Researchers have found new role for mTOR in autism-related disorders
(Medical Xpress)—Researchers have found a novel role for a protein that has been implicated in an autism-related disorder known as tuberous sclerosis complex (TSC).
The disease, which affects 1 in about 8,000 children, manifests itself in the form of mental retardation in addition to severe epileptic episodes. The disease is caused by mutations in two tumor-suppressing proteins, TSC1 and TSC2.
"Kids with this condition have benign tumors that grow all over the body," said Bernardo Sabatini, the Takeda Professor of Neurobiology at Harvard Medical School and senior author of the study, "but we wanted to know what happened in the brain."
The findings were published in the May 8 issue of Neuron.
A protein kinase, mTOR is responsible for controlling cell growth in many parts of the body and has been widely implicated in epilepsy and autism. TSC1 and TSC2 normally repress the activity of mTOR to keep cell growth in check. In the case of TSC, there are mutations in TSC1 or TSC2, and mTOR's ability to promote cell growth goes unchecked, resulting in tumors in regularly dividing cells.
"But neurons don't divide," said Sabatini. "So it was important to note the changes in these non-dividing cells."
The researchers hypothesized that mTOR's function in the brain related to homeostasis, the brain's ability to maintain a controlled level of electrical activity. When there's a lot of electrical activity, a negative feedback system switches on to suppress activity. Conversely, when levels are too low, other positive feedback pathways are engaged that bring the activity level back up.
"We went into this study with the specific hypothesis that mTOR would be part of the homeostatic loop in the brain," explained Sabatini.
In the case of TSC patients, they thought that mTOR was incapable of maintaining homeostasis and kept adding to the level of electrical activity, leading to seizures.
"But we were wrong," he added.
"What we actually found was that mTOR is part of a positive feedback pathway," said Helen Bateup, HMS research fellow in neurobiology and first author on the study. "When a cell is active, mTOR gets turned on more frequently and makes the cell even more active by reducing the amount of inhibition that the neuron receives."

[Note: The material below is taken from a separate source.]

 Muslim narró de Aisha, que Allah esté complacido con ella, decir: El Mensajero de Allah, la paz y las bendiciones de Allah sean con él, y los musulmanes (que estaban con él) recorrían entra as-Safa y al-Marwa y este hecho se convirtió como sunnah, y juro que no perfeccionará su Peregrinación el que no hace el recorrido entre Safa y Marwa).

In cells where TSC proteins are mutated, this positive feedback gets out of control, and the neuronal circuit remains overactive despite all the pathways that normally shut down activity being turned on.

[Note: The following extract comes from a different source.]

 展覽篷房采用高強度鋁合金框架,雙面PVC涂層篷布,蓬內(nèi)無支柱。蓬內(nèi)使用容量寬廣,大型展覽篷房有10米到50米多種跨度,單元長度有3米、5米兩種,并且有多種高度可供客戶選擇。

"It's like the circuit is trying to keep itself quiet, but it can't," said Sabatini. "The out-of-control mTOR causes some cells to loss all inhibition, something that can't be compensated for by turning down excitation."

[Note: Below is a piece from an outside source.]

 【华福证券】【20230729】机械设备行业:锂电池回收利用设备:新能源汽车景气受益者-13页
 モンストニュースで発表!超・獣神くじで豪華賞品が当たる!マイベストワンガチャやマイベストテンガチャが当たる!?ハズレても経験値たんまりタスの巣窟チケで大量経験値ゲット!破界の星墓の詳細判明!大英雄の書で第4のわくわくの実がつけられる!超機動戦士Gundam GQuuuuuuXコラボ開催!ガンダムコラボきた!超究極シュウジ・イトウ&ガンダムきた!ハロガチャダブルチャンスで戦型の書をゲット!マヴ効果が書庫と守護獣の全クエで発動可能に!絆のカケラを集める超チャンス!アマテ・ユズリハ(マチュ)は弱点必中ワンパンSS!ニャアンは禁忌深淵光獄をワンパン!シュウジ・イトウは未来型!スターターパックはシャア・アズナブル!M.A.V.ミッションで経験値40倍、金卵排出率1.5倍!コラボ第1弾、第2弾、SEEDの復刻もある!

The researchers think this key difference in how mTOR operates, in working to promote electrical activity, is important for the disease because patients end up with high levels of dysfunctional mTOR that makes for highly active circuits prone to epileptic fits. Furthermore, "we know that once a person has one seizure, they're much more likely to have more, a concept known as kindling," said Sabatini.
These findings are among the first to show that contrary to scientific consensus, mTOR does not play a part in everything.
"We have shown that one of the few things that mTOR does not seem to partake in is this negative feedback pathway," said Sabatini.
Working in both in vitro and in vivo mouse models, the researchers think the next step would be tease out the molecular pathway of mTOR's involvement in this positive feedback loop. "It's also important to compare how this pathway works in normal brains versus a diseased model," added Bateup.
"A huge challenge when studying the brain is that there are so many feedback pathways that a mutation in one gene can result in a hundred other secondary changes," said Sabatini.
Rapamycin, a drug currently used to prevent organ rejection following transplants, targets mTOR and brings activity levels back to normal.
"We could use the drug to restore this excitatory-inhibitory balance in the brain," said Bateup. "A lot of drugs that treat epilepsy try to make inhibition more powerful but given that the primary problem here is that a group of cells has lost inhibition, that approach won't work," she added. "What we might need is to target the excitation side. Or find ways of changing the biochemistry of the cells to make inhibitory synapses again."
"For this disease, this is the right time to start looking at human cells," said Sabatini. "We have really good data from the mouse model and it would be a really nice test to see if the mouse model is really predictive of human disorder and if it's worth being continued."